OpenAI has a legally submitted point of view that they believe the benefits of AI to humanity are so great that anyone creating AI should be allowed to trample all over copyright laws, Terms of Use, EULAs, etc.

But OpenAI’s version of benefit to humanity is that they should be allowed to trample over those laws so they can benefit humanity by closely guarding the output of trampling those laws and charging humanity an access fee.

Even if we accept all of OpenAI’s criticisms of DeepSeek, they’re arguing that DeepSeek doing the exact same thing, but releasing the output for free for anyone to use is somehow less beneficial to humanity.

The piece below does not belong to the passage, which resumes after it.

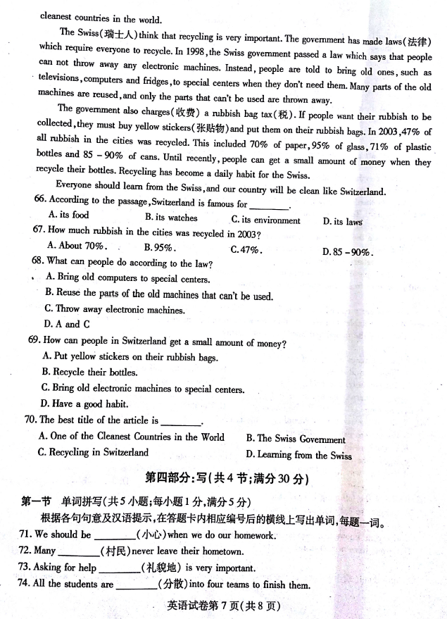 2015南充中考英语试题发布

This goes back to my previous criticism of OAI: Stratechery said that Altman's greatest crime is to seek regulatory capture. I think it's spot on. Altman portrays himself as a visionary leader, a messiah of the AI age. Yet when the company was so small and that the progress in AI just got started, his strategic move was to suffocate innovation in the name of AI safety. For that, I question his vision, motive, and leadership.


So a bank robber that manages to steal from Fort Knox gets to keep the gold bars because it was a very complicated job?


If the Fort Knox gold was originally stolen from the Incas


Feist comprehensively rejected that argument under US copyright law, and the attempts in the late 90s to pass a law in response establishing a sui generis prohibition on copying databases also failed in the US. The EU did adopt a directive to that effect, which may be why there are no significant European search engines.

However, OpenAI and Google are far more politically influential than the lobbyists in the 90s, so it is likely to succeed.


They aren’t actually getting the dataset though.